Analysis of datasets. Multi-ZOL is a multimodal sentiment annotated dataset provided by Xu et al. [10] for evaluating the MIMN model, which contains six aspects: “price-performance ratio”, “performance configuration”, “battery life”, “appearance and feeling”, “photographing effect”, and “screen”. Except “price-performance ratio”, the corresponding affective entities with the aspects can be intuitively found in the images in reviews. For example, “performance configuration” corresponds to the run points’ scores with different colors or the line charts and other statistical charts; “battery life” corresponds to the battery consumption diagrams; “appearance and feeling” corresponds to the photos of mobile phones; “photographing effect” corresponds to the close-range or long-range photos; “screen” corresponds to the lighted mobile phone screens, etc. In the MTCom dataset, for the annotated aspects of “general comment”, “location”, “environment”, “prices”, “tastes”, and “service”, it is difficult to find their corresponding affective entities in the review images, except for “environment” and “tastes”. Therefore, the reason for the performance differences of the model in the two datasets is likely to be the non-correspondence between the aspects and the affective entities of images in most of reviews.
At the same time, we also further explore the compositions of the text content and images in two datasets: Multi-ZOL and MTCom. Figure 4 sorts the average text lengths and image numbers of samples in two datasets, respectively, and the statistics of their 91st to 99th quantiles are listed in Table 6. Taking the statistics in the typical 95th quantile as an example, we can see that the average text length of MultiZOL is 803, while that of MTCom is only 146, and the average number of images in Multi-ZOL is 14, while that of MTCom is only 7. This is because, for expensive electronic products such as mobile phones, people tend to use longer text to describe all aspects of them in detail, as well as supplementing their reviews with corresponding images for almost every aspect. However, for the daily consumption of food and beverage, people usually do not spend a lot of time giving long reviews unless the dining experience is very good or very bad. So the text lengths and image numbers of reviews in the MTCom dataset are shorter and less than those in the Multi-ZOL dataset, and more representative of the majority of review data.
Analysis of limitations. The analysis of the datasets also verifies our design idea from another aspect, that is, in the task of multimodal sentiment analysis, text information is dominant, and an image is auxiliary rather than a complete ideographic unit. Furthermore, VECapsNet proposed in our method uses capsule networks to model the local sentimental features, so it has more advantages for processing short text than MIMN, which uses bidirectional LSTMs for capturing long-distance dependencies of context. Although the effectiveness of VECapsNet can be verified by the overall experimental results, for long text content and a small number of image comments with almost no explicit emotion, the performance of VECapsNet is shown to be degraded, which may be due to the fact that text-guided image feature learning may not be able to well mine the induced emotion in images. We also point out that for the direction of our further research, we still need to strengthen the emotion analysis for long text compared with the uncertainty of image emotion. We may consider decomposing the long text into short texts according to syntactic structures or integrating the structural information of long text into the capsule features in MMCapsNet for sentiment prediction, so as to capture more sufficient semantic features from the global context.

5. Conclusions

Aspect-based multimodal sentiment analysis is an important task in emotion analysis.
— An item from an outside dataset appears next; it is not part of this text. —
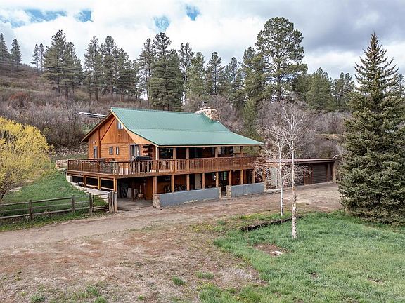 Come and witness this beautiful 3-bedroom 2 bathroom just outside beautiful Pagosa Springs. This home is located on a spacious 2.86 acres. An automatic secured gate welcomes you into ample entertainment space, both indoors and outdoors. This home was renovated in 2015 as a single-family home. As you enter the main entrance you are met with beautiful, vaulted ceilings. Next is a cozy living room with an inserted wood burning fireplace. Open concept to dine and host dinners. The kitchen is equipped with all stainless-steel appliances and updated kitchen fixtures. Off the dining room is a family room/exercise room and coffee bar. This space could be used as a game room and can comfortably sleep up to 4 guests. On the main floor is a full bathroom and secondary bedroom with access to the scenic and spacious outdoor patio. At the top of the stairs is the third bedroom and additional closet space to store winter gear, extra bedding, or luggage. Off the secondary living space are doors to the shaded wrap around porch. Located on the lower level is a walk-out basement which is currently being used as the master bedroom with plenty of room for a lounging area to watch movies, visit, and relax. An additional bedroom off the master which could serve as a large walk-in closet or nursery for young children. A full bathroom is located between both rooms. Also located on the lower level is the laundry room with a full side-by-side washer and dryer setup. A 2-car garage is just steps away from the master. Great for hanging out with friends and family, working on your dream car, or used as a game room. The property line is fenced for horses or livestock. A covered lean too is perfect for a boat, RV, or horse trailer. A horse barn is located at the far end of the property with plenty of potential for whatever you choose to use it for. A short walk from your front door leads you to a fenced off area to access the Stollsteimer Creek, which borders the property. Full in the spring, and cool in the summer, it’s a great place to relax and let the kids or pets play. A fenced off area in the creek provides ample water and safety to all pets and livestock. There is also potential for a beautiful, shaded pond area next to the house. Included, are two cisterns on the property, self-sustaining well, central A/C and septic. A concrete pad is located above the property, that could serve as a detached garage or storage shed area. The home is bordered by yearlong neighbors who are happy to welcome you to this great community in Aspen Springs. This property has so many perks and possibilities the ideas are endless, with the freedom of NO HOA. Great investment property for Air B&B, short/long-term rental, or a fabulous family home. Book your tour today!

In this paper, we proposed a visual enhancement capsule network (VECapsNet) based on interactive learning and built an aspect-based multimodal sentiment dataset (MTCom) by crawling reviews from the Meituan website. First, an adaptive mask memory capsule network is proposed for text feature learning. The model combines the memory networks and the capsule networks to integrate context semantic information into local word embedding and obtain capsule features related to aspect phrases by an adaptive mask attention mechanism. Second, we propose a novel aspect-guided capsule network for learning image sentiment features, which captures the local image information related to aspect phrases using a Text2vision attention mechanism to guide the sentimental learning on image feature capsules. Last, the multi-round fusion module is constructed by enhancing the text sentimental representations using the aspect-guided image features for aspect-based sentiment classification. The results of extensive experiments on the publicly available single-text evaluation datasets, the multimodal Multi-ZOL dataset, and on our MTCom dataset show that our method proposed in the paper performs satisfactorily on the different multimodal aspect-based sentiment analysis tasks. Compared with the existing models, VECapsNet can better capture the local semantic features correlated to the aspect phrases in text and images, which is more suitable for general text-based multimodal user-generated reviews. In the future, we will further study how to more deeply integrate long-text semantics and image interactions into the capsule features and apply our method to different multimodal sentiment analysis tasks.

Author Contributions

Conceptualization, Methodology, Original draft preparation, Y.Z.; Data processing, Experiments and analysis, Z.Z.; Supervision, Funding acquisition, Review and editing, D.W. and S.F. All authors have read and agreed to the published version of the manuscript.

Funding

This research was funded by the National Natural Science Foundation of China (62172086, 61872074).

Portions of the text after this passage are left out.